Towards the end of the article, Matthew finally offers a semi-theological definition of “bad Christian theology.” He writes:

To that end, all we can do is call out harmful theology when we see it. How do we know if it’s harmful? It brings harm to people’s lives. It brings the opposite of what Paul called the fruit of the Spirit. Instead of love, joy, peace, forbearance, kindness, goodness, faithfulness,  gentleness and self-control, it brings hate, fear, war, shame, and death.

The fruit of the Spirt comes from Galatians 5:22-23. I do have a question for Matthew on this reading of Galatians. Does this reading fit the context of Galatians chapter five? Is Matthew guilty himself of doing “bad Christian theology?” I think so…

Deconstructing Bad Christian Theology

If we look at the context of Galatians chapter five, we see that St. Paul uses the fruit of the Spirt to counter an earlier list of the works of the flesh. We see this in verses 19-21.

Now the works of the flesh are evident: sexual immorality, impurity, sensuality, idolatry, sorcery, enmity, strife, jealousy, fits of anger, rivalries, dissensions, divisions, envy, drunkenness, orgies, and things like these. I warn you, as I warned you before, that those who do such things will not inherit the kingdom of God.

St. Paul here juxtaposes the works of the flesh and the fruit of the Spirit in Galatians chapter five. St. Paul does not juxtapose “good Christian theology” and “bad Christian theology.” True, the works of the flesh stand in opposition to the fruit of the Spirit, but the use here connects to St. Paul’s warning in verse 21 that those who “do such things will not inherit the kingdom of God.” Those who practice the fruit of the Spirit and flee the works of the flesh belong to Christ and will inherit the kingdom of God. St.
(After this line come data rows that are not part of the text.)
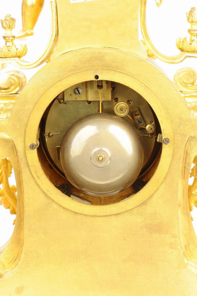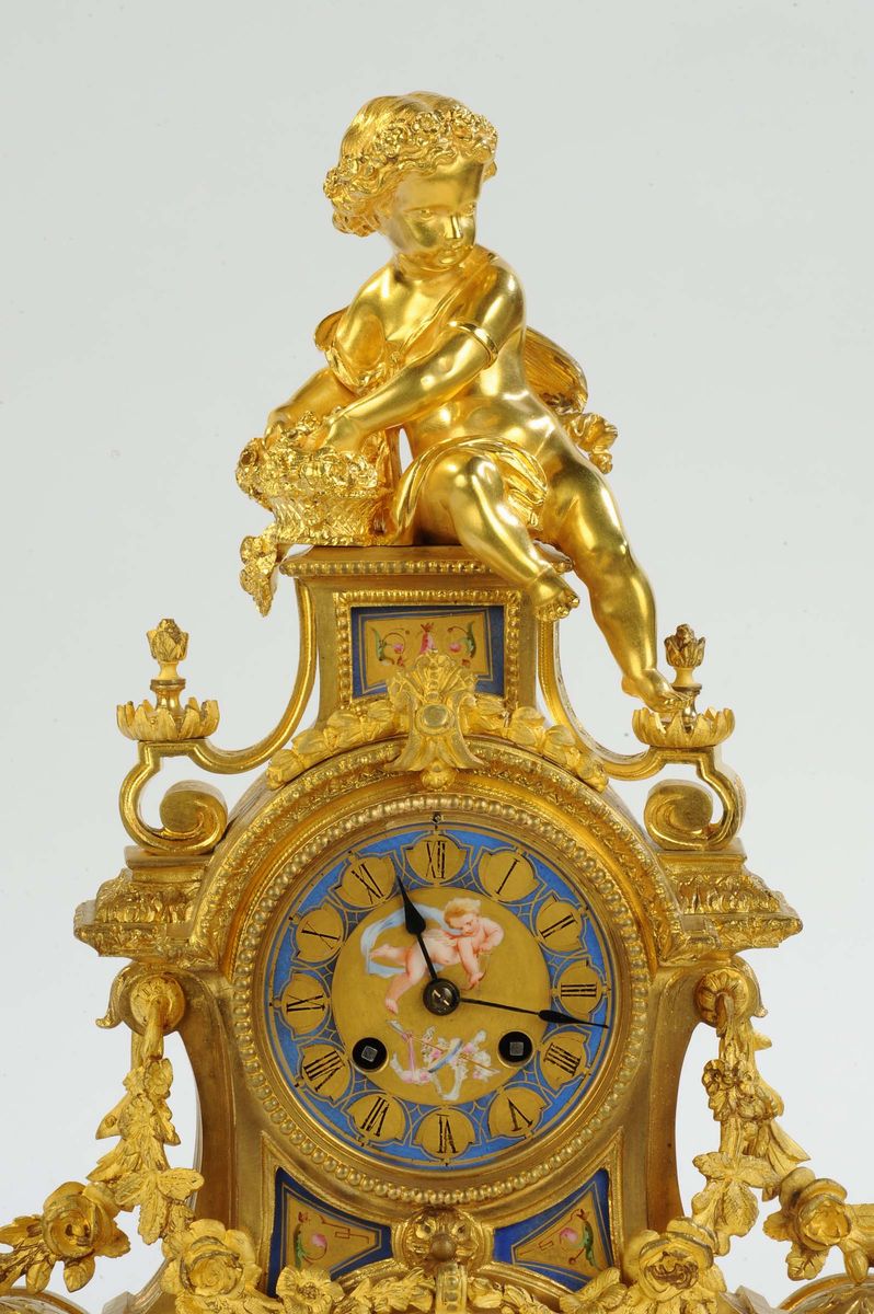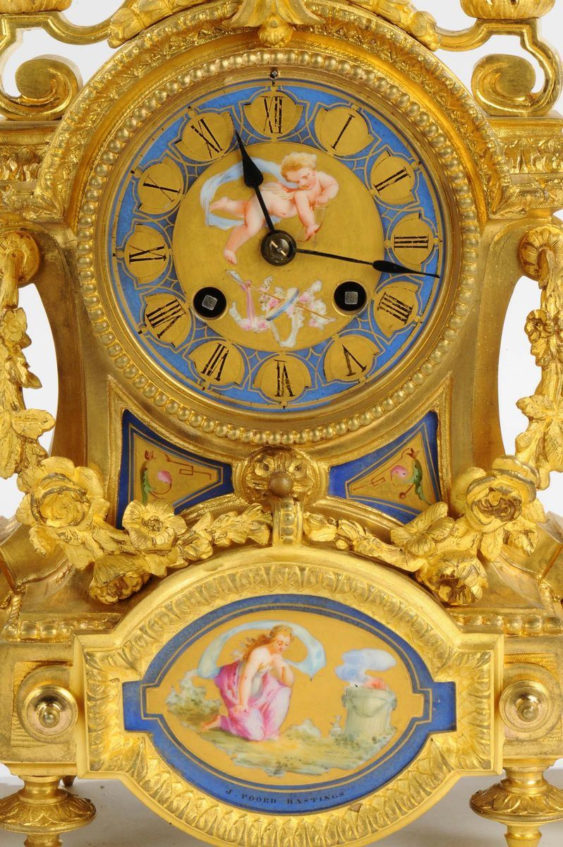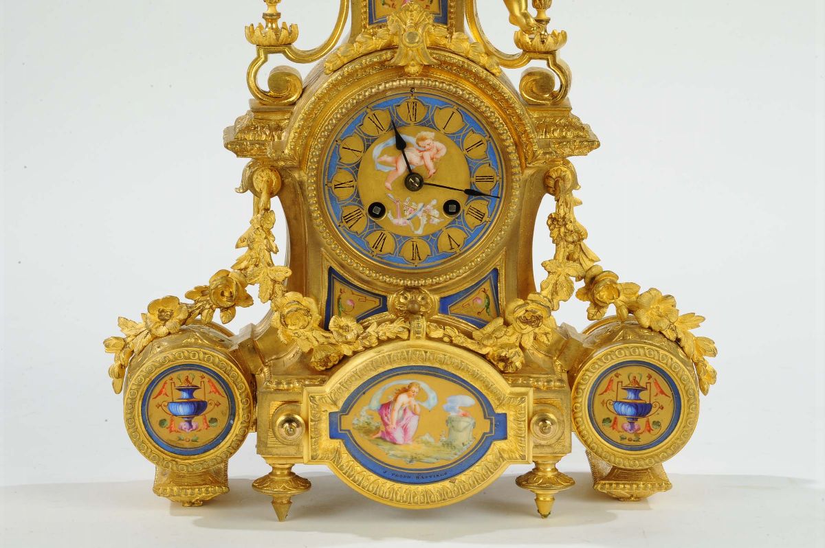 Pendola in bronzo dorato con formelle in porcellana di Sevres, Francia seconda metà del XIX secolo
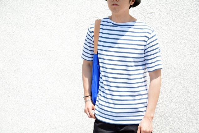 モデルのスタッフ瀬川が、ジャストサイズで着たボーダーTシャツは「セントジェームスのピリアック」。薄手の生地は、真夏まで重宝する定番アイテム。シーズンカラー「NEIGE/INDIGO(白×インディゴブルー)」は、スタッフ間でも大好評!
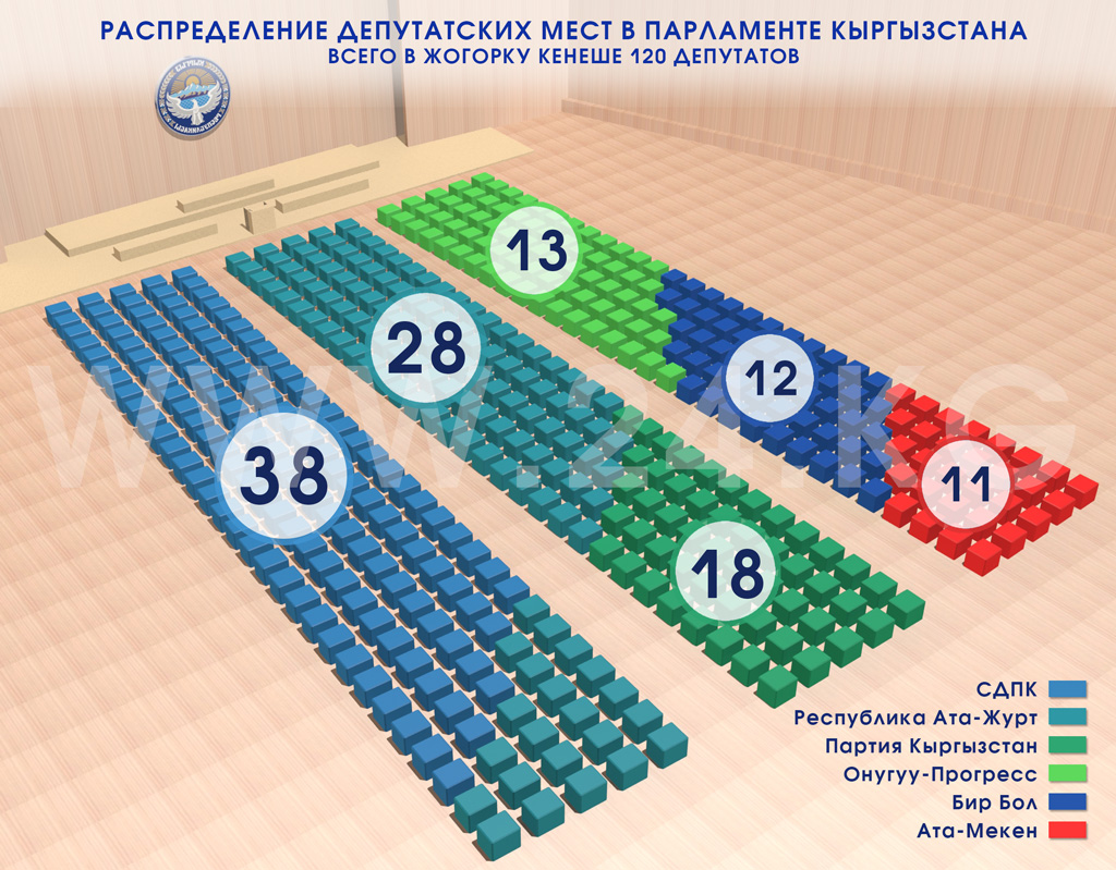 По ним СДПК набрала 27,56 процента голосов избирателей (38 мандатов), «Республика – Ата Журт» - 20,26 процента (28 мандатов), «Кыргызстан» - 13,07 процента (18 мандатов), «Онугуу-Прогресс» - 9,39 процента (13 мандатов), «Бир Бол» - 8,59 процента (12 мандатов), «Ата Мекен» - 7,08 процента (11 мандатов).

Paul confirms this in verses 24 and 25.

And those who belong to Christ Jesus have crucified the flesh with its passions and desires.

If we live by the Spirit, let us also keep in step with the Spirit.

Furthermore, St. Paul’s list of sexual sins “and things like these” include homosexual acts, so according to Matthew’s definition of “bad Christian theology, St. Paul too is guilty. I mean, he does not agree with Matthew on sexual sins (Romans 1:26–27), so his views are harmful and therefore bad.

Truly Bad Christian Theology

In conclusion, Matthew Ditsefino’s uses “bad Christian theology” to point out the “bad Christian theology” of others. Now, I cannot comment on whether those who Matthew criticizes hold to “bad Christian theology” or not using Matthew’s faulty method. As a Roman Catholic, I agree that “bad Christian theology” exist within the Russian Orthodox and Protestant Evangelical traditions. I also hold that people like Locke and Putin act contrary to those traditions. This does not mean that their respective traditions have “bad Christian theology.” It means that to act contrary to one’s tradition does not then make that tradition “bad.” That person is bad, not the tradition their action go against.

A more honest approach from Matthew would be to state upfront that all “bad Christian theology” is any theology he disagrees with. We can then work from that definition and analyze his theological positions to determine what is and is not “bad Christian theology” or what is or is not actual Christian theology in the first place.

I welcome any feedback from Matthew. Let’s have a productive dialogue.